Personal information
- Full name: Ngangom Dingko Singh
- Nationality: India
- Born: 1 January 1979 Manipur, India
- Died: 10 June 2021 (aged 42)
- Weight: 54 kg (119 lb)
- Allegiance: India
- Branch: Indian Navy
- Rank: Master Chief Petty Officer 1st Class
- Awards: Padma Shri Arjuna Award

Sport
- Sport: Boxing
- Weight class: Bantamweight

Medal record
Representing India
Asian Games
| Gold medal – first place | 1998 Bangkok | Bantamweight |

= Dingko Singh =

Indian boxer (1979–2021)

Master Chief Petty Officer Ngangom Dingko Singh (1 January 1979 – 10 June 2021) was an Indian boxer who won the gold medal at 1998 Asian Games in Bangkok. He was from the North-eastern Indian state of Manipur. He was awarded the Padma Shri by the Government of India in 2013.

==Achievements==
Ngangom Dingko Singh, commonly known as Dingko Singh, was an Indian boxer. He is considered to have been one of the most outstanding boxers India ever produced. He won the King's Cup in Bangkok in 1997 and the Asian Games gold in the 1998 Bangkok Games. He was a service personnel of the Indian Navy.

==Early life==
He was born on 1 January 1979 in a remote village called Sekta, in the Imphal East District, Manipur to a very poor family. Dingko had to fight back adversities from the beginning of his life, and was brought up in an orphanage.

==National boxing==
The trainers at a Special Area Games Scheme initiated by the Sports Authority of India identified the hidden talents of Dingko during the assessment camp from Dec. 1990 to Jan. 1991 at Khuman Lampak, Imphal. He was inducted at SAI SAG Khuman Lampak, Imphal w.e.f. 12 Feb. 1991 and trained under the guidance of Boxing coach Shri. Leishangthem Ibomcha Singh. In the same year, 20-26 Nov. 1991, in his debut at National level championship, he won gold medal in the 7th Sub. Jr. National Boxing Championship in the age group 12 years (E-2) at Ambala.
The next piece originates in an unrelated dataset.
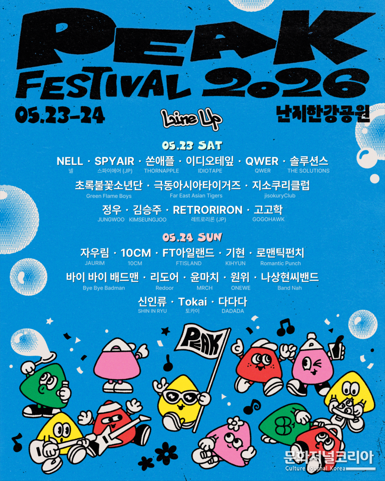 문화저널코리아 김영일 기자 | 오는 5월 23일과 24일, 난지한강공원에서 열리는 ‘PEAK FESTIVAL 2026(이하 피크 페스티벌)’가 금일 9일, 페스티벌의 대미를 장식할 최종 라인업을 발표하며 음악 팬들의 뜨거운 관심을 모으고 있다.
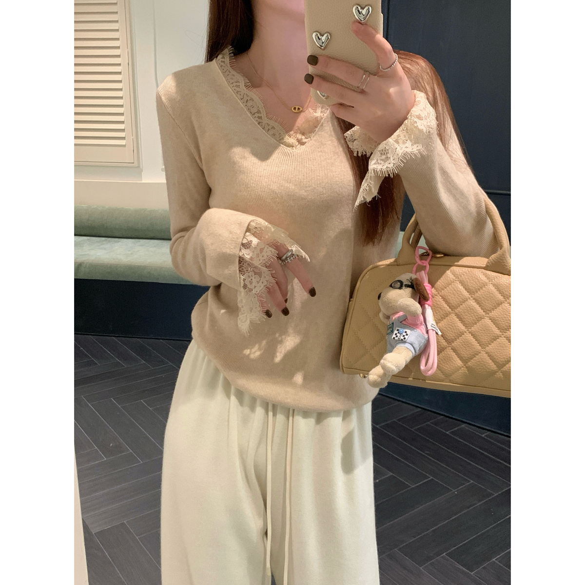 가을 겨울 V- 넥 골드 버튼 트위스트 디자인 북극 벨벳 스웨터 긴 말반 스웨터 재킷

This achievement brought Dingko into the eyes of the selectors and coaches, who began to see him as a promising boxing star of India .

==International boxing==
He made his debut into the arena of international boxing in 1997, and won the King's cup 1997 held at Bangkok, Thailand. Apart from winning the tournament, Dingko Singh was also declared the best boxer of the meet. He also represented India at the 1998 Asian Games and at the 2000 Summer Olympics.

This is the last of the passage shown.